◆ Goal of the exercise
From the line containing "Alerta Mira-Sol , texto" to the last line of the listing, transcribe exactly and add nothing else; keep both ends and omit pictures.

◆ Material for this task
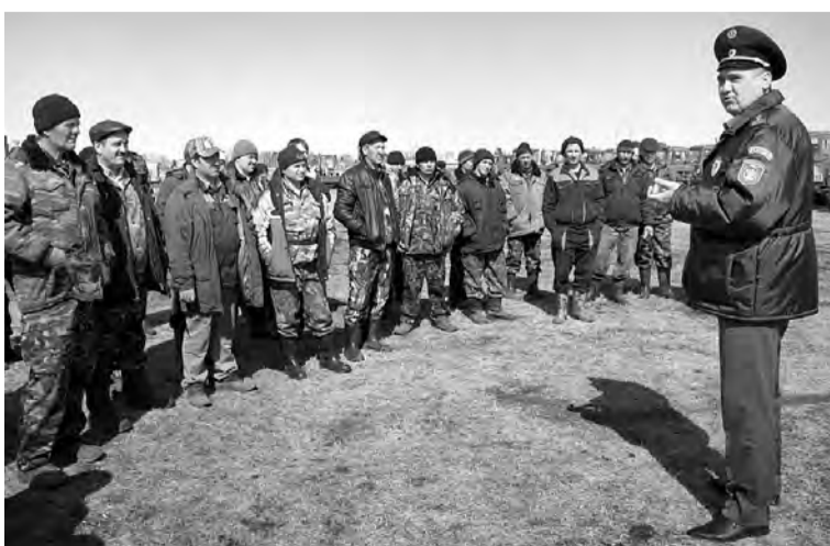
Инструктаж с механизаторами перед осмотром техники.

- Я думаю, что побывав в этом хозяйстве, что сделал и я с большим желанием, многие специалисты возьмут за основу, как надо готовить технику и сохранять ее. На дату проведения этого семинара, 14 апреля, готовность тракторов к весенне-полевым работам в регионе составляла 85-87 процентов. Но там, где имеются ремонтные цеха и этим делом занимаются и в зимнее время, она намного выше. Что мы и наблюдали в этом сельхозпредприятии. В целом в агропромышленном комплексе региона все еще фиксируется высокий процент техники, срок эксплуатации которой более десяти лет. Даже несмотря на то, что аграрии в последние годы заметно проводят ее обновление. Только в прошлом году это было сделано на 2,8 млрд. рублей. Уже в первом квартале текущего года техники приобрели на 386 млн. рублей, и этот процесс активно продолжается.
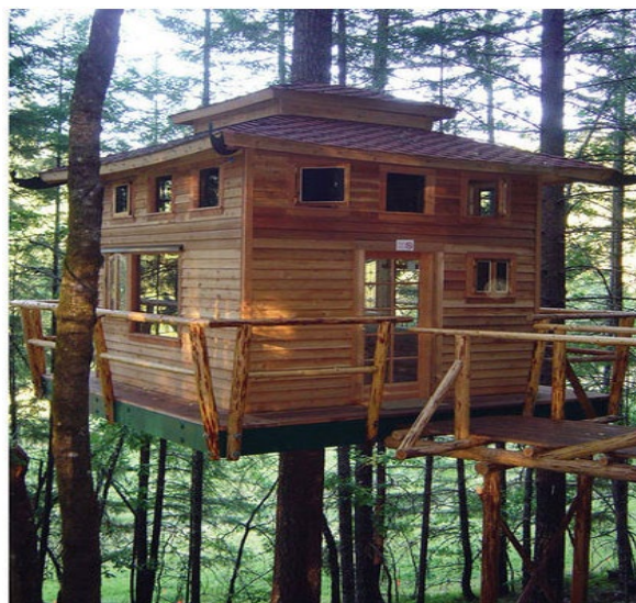
Рисунок 19 - Vertical Horizons, штат Орегон (США)

Незвичайний готель розташований в гілках дерев на узбережжі Белізу. У люксових «номерах-гніздах» є відкриті джакузі, міні-кухня та простора вітальня. Будинки та меблі в номерах виконані з рідкісних порід дерев, які ростуть у лісах Белізу. Крім того, в цих лісах велика різноманітність птахів і поруч розташований другий за величиною бар'єрний риф в світі (Рис.20) [15].
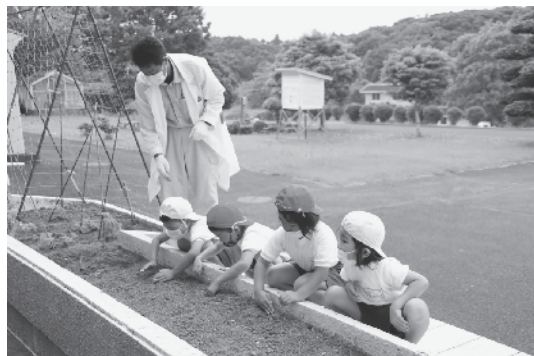
落花生早く大きくなーれ！
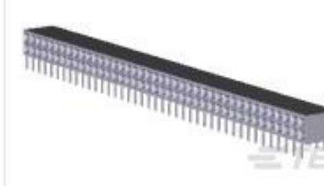
TE 产品编号 4-5146140-0 82 MODII HORZ DR CE 100CL
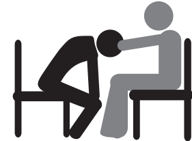
DARSHAN CON SILLA

Puedes recibir el Darshan sentado en una silla • Avisa a un voluntario • Sientate en la zona reservada para asistencia con silla.
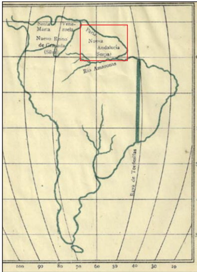
Paria y La Nueva Andalucía.

Mientras transcurrían estos sucesos, Sedeno organizó una nueva expedición y se dirigió nuevamente a Paria, donde fue reconocido por Delgado y la guarnición que había dejado Ordaz. Embarcóse para Trinidad, meta de su expedición y dejó en la fortaleza de Paria a Juan de Sosa y una pequeña guarnición.
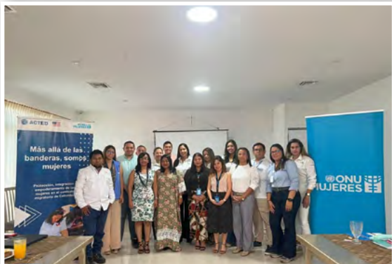
Grupo de empresarios de Riohacha- Acompañamiento de la ANDI
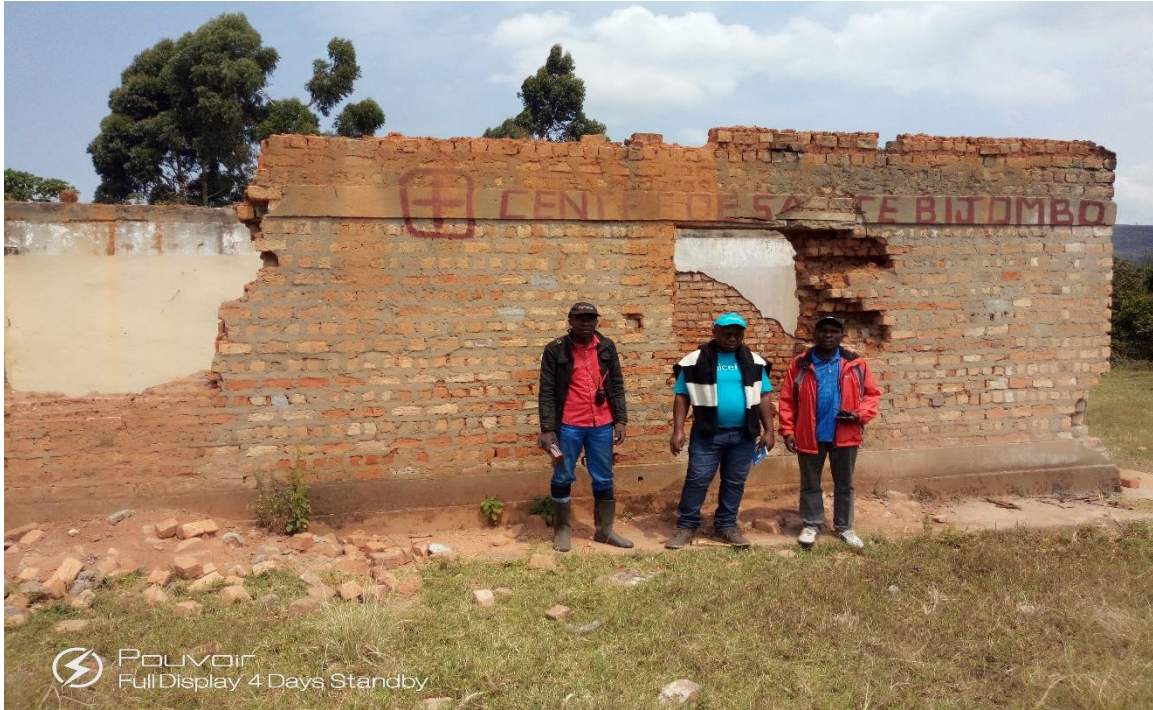
Le Centre de sante de Bijombo, brulé et pille en Octobre 2018
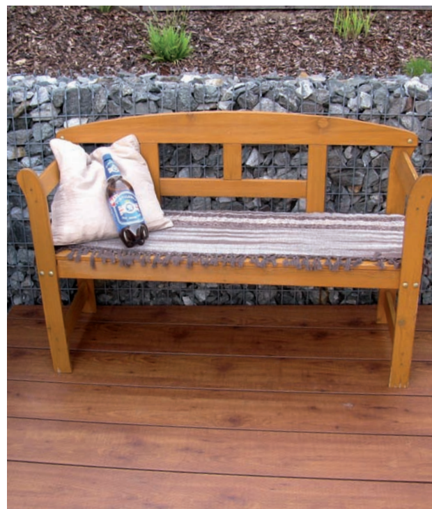
Suelos elevados para terrazas

El programa de placas para suelo se complementa con accesorios como las pinzas de sujeción. Véase el programa de suministro de paneles con superficie Hexa.
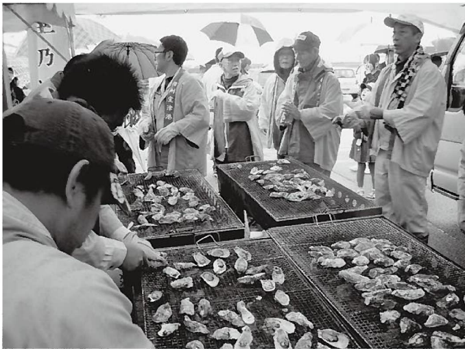
最盛期を迎えるカキをPR

水の中でマダイ、タコ、穴子、ガザミなどと格闘していました。このつかみ取りに参加するため岡山から駆けつけたという若夫婦は、合図の笛を待つ間「あのタイをつかまえてね」「エイなんか追うなよ」「両手を使えよ」と小5の男の子に細かい指示。親とのチームワークよろしく、この子は唇を青くしながらタイ2匹とスズキを捕まえました。模擬店では、漁協女性部が振る舞う「ガザミ
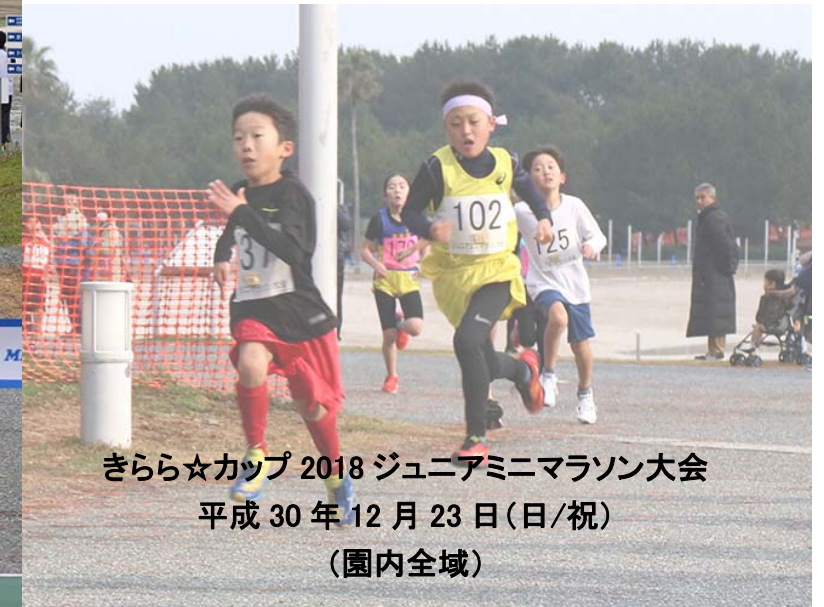
きらら☆カップ 2018 ジュニアミニマラソン大会 平成 30 年 12 月 23 日(日/祝) (園内全域)
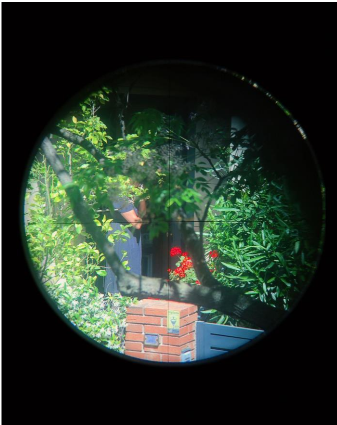
Blanca Munt, serie Alerta Mira-Sol , 2019

Alerta Mira-Sol , texto escrito por Fosi Vegue
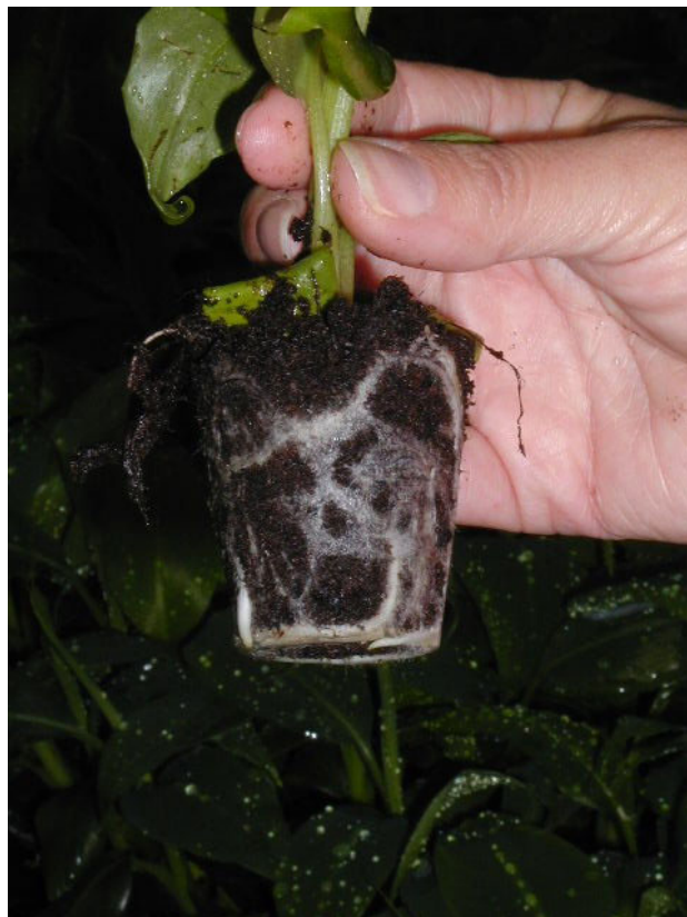
Figura 3. Plantas en frascos en laboratorio .
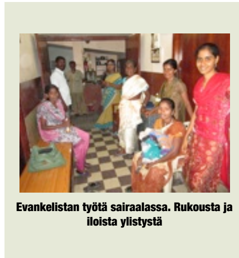
Evankelistan työtä sairaalassa. Rukousta ja iloista ylistystä

Työ Intiassa on tuonut satoja Jeesukselle Parantumisia ja
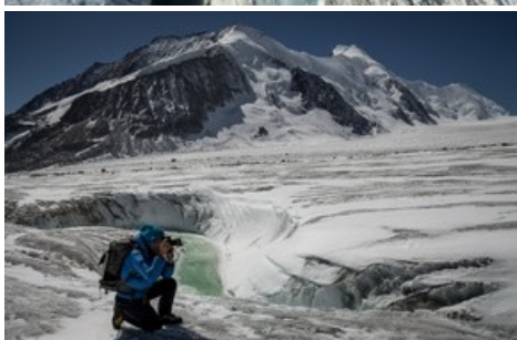
David Carlier est un photographe, cinéaste et aventurier suisse. Depuis trois ans, il capture les glaciers de sa patrie pour la postérité, à pied, en parapente et au moyen de son petit avion Ecolight. .
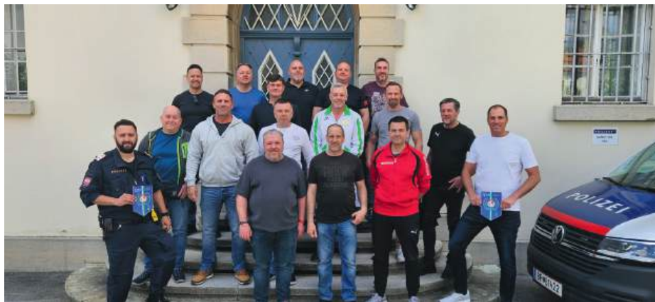
198. E2a GAL vor dem PAZ

◆ Solution to the exercise
Alerta Mira-Sol , texto escrito por Fosi Vegue
Figura 3. Plantas en frascos en laboratorio .
Evankelistan työtä sairaalassa. Rukousta ja iloista ylistystä

Työ Intiassa on tuonut satoja Jeesukselle Parantumisia ja
David Carlier est un photographe, cinéaste et aventurier suisse. Depuis trois ans, il capture les glaciers de sa patrie pour la postérité, à pied, en parapente et au moyen de son petit avion Ecolight. .
198. E2a GAL vor dem PAZ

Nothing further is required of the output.